» **TASK MATERIAL**
───

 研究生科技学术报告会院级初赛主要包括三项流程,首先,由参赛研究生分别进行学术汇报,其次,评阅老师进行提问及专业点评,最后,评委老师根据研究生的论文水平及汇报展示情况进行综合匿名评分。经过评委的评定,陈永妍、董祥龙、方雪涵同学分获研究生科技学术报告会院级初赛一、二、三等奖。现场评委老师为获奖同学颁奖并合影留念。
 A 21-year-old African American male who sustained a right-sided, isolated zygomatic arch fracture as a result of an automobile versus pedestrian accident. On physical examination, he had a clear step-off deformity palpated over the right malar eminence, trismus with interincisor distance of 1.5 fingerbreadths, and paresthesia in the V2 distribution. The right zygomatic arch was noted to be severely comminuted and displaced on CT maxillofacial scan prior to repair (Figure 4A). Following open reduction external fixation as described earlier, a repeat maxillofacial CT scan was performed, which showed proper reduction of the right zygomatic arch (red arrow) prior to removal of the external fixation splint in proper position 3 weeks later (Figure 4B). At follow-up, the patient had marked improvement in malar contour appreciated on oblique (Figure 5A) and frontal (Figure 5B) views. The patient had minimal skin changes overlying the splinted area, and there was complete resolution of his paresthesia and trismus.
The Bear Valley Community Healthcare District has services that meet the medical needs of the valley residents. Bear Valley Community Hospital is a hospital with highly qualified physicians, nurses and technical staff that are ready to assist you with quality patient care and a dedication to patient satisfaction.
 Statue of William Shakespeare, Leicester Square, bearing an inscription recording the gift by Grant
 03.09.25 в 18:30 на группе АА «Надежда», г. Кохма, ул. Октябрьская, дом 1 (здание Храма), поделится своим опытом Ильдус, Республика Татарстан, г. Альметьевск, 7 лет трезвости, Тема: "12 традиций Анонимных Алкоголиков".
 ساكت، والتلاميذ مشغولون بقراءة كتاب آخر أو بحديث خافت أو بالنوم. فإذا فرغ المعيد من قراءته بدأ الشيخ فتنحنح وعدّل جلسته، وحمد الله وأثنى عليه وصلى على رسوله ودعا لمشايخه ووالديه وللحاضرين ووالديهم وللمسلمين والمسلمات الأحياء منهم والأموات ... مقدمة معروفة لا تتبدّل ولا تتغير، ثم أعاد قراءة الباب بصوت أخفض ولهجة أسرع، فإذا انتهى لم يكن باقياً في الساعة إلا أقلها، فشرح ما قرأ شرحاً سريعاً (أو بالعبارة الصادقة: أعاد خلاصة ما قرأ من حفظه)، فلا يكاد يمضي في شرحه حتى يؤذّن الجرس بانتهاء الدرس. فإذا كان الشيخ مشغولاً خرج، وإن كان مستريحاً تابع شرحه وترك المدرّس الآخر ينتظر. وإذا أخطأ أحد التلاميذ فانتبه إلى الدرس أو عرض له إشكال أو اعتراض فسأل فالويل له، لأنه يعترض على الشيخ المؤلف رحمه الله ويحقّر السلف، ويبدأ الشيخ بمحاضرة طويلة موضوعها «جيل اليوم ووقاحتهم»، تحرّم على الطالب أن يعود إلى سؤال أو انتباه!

───

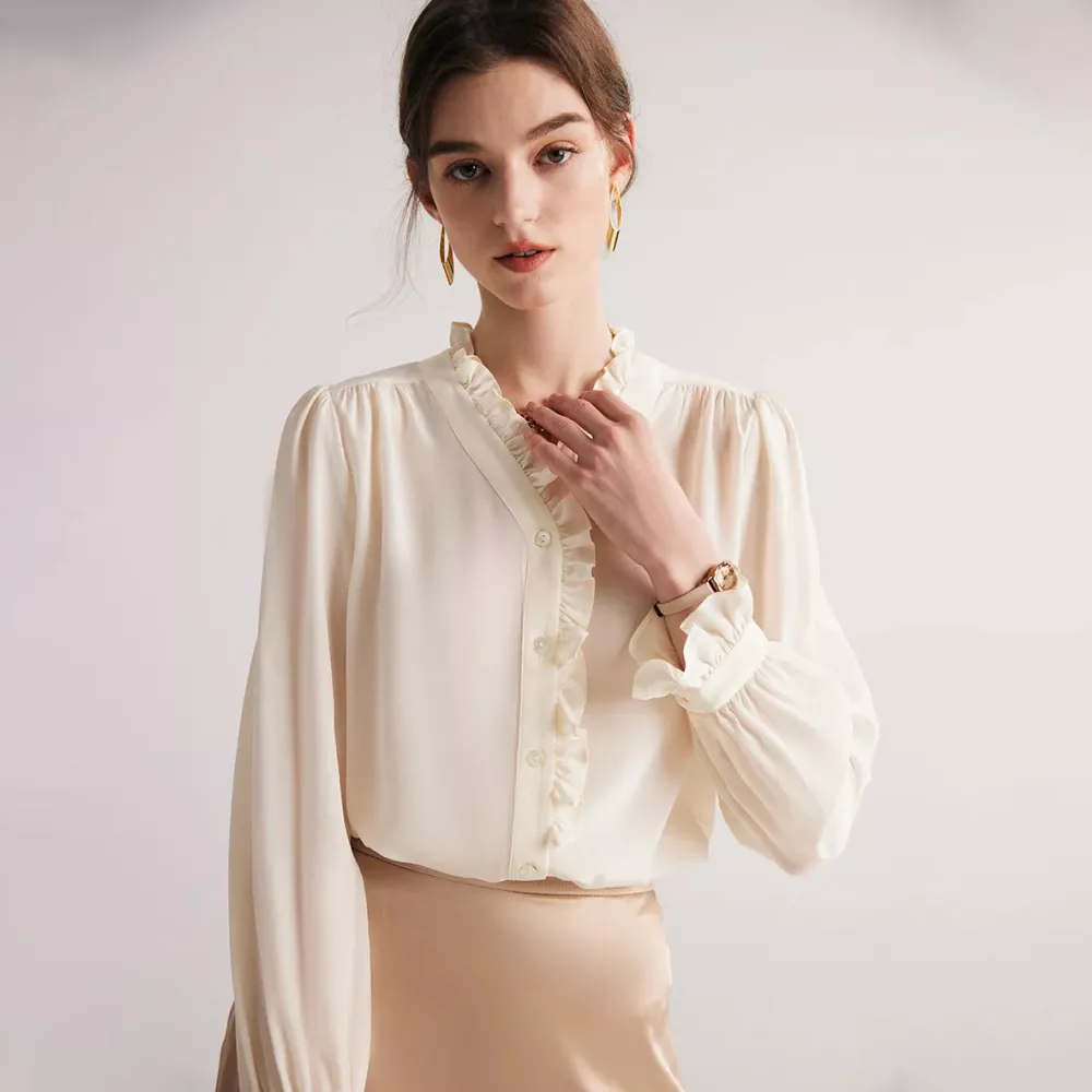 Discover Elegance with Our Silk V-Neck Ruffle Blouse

───

» **TASK STATEMENT**
What is asked for is an exact copy of the lines above from the one containing "Statue of William" through the one containing "03.09.25 в 18:30", and only those.

» **ANSWER BOX**
 Statue of William Shakespeare, Leicester Square, bearing an inscription recording the gift by Grant
 03.09.25 в 18:30 на группе АА «Надежда», г. Кохма, ул. Октябрьская, дом 1 (здание Храма), поделится своим опытом Ильдус, Республика Татарстан, г. Альметьевск, 7 лет трезвости, Тема: "12 традиций Анонимных Алкоголиков".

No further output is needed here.